Exact copies of all the lines below are required, with the pictures omitted.

■ RECORDED INFORMATION ■
- Opening Delimiter -

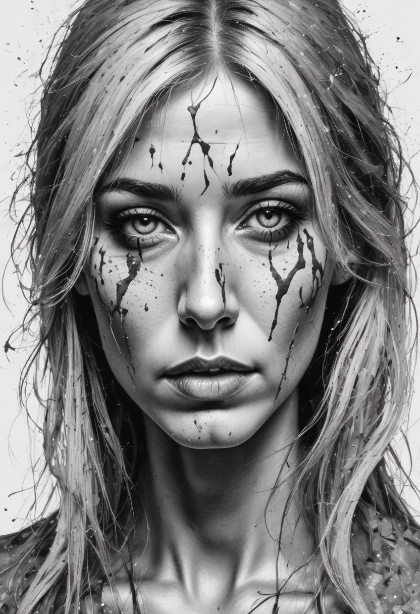 Dark, moody, stressed, horror, splash of black oil, oil painting, black and white, black to white, model, woman, tired, old face, stressed, aggressive, angry, long white hair, bangs, breasts, black hair, cleavage, medium breasts, upper body, extreme big lips, high cheekbones, big head, long nose, green blouse, freckles, small nose, paint splatter, paint, pop art style, dim colors, bold outlines, popular culture themes, ironic or kitsch, absurdness, masterpiece, 8k, high detail, intricate, best quality
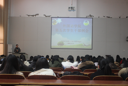最后,常务团副张紫薇就青马网络课程培训以及元旦晚会的相关事宜做了具体讲解,要求参加培训的学生干部积极参与,借助这次培训加强自己的认知能力,提高综合素质。对于元旦晚会,她强调,各学生会干部要以身作则,认清自己的职责所在,合理分工,同时也预祝此次元旦晚会取得圆满成功。
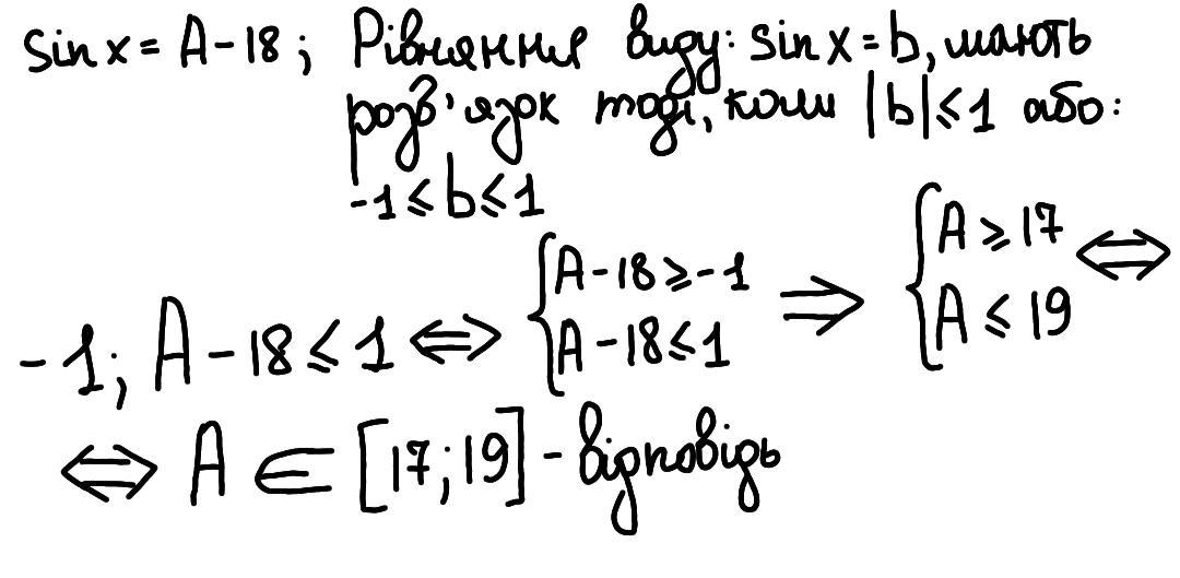 визнач усі значення параметра А, при яких рівняння sin x=a-18 має корені . выберу думку доя запису інтервалу .

- Closing Delimiter -

■ SOLUTION TO THE PROBLEM ■
 Dark, moody, stressed, horror, splash of black oil, oil painting, black and white, black to white, model, woman, tired, old face, stressed, aggressive, angry, long white hair, bangs, breasts, black hair, cleavage, medium breasts, upper body, extreme big lips, high cheekbones, big head, long nose, green blouse, freckles, small nose, paint splatter, paint, pop art style, dim colors, bold outlines, popular culture themes, ironic or kitsch, absurdness, masterpiece, 8k, high detail, intricate, best quality
最后,常务团副张紫薇就青马网络课程培训以及元旦晚会的相关事宜做了具体讲解,要求参加培训的学生干部积极参与,借助这次培训加强自己的认知能力,提高综合素质。对于元旦晚会,她强调,各学生会干部要以身作则,认清自己的职责所在,合理分工,同时也预祝此次元旦晚会取得圆满成功。
 визнач усі значення параметра А, при яких рівняння sin x=a-18 має корені . выберу думку доя запису інтервалу .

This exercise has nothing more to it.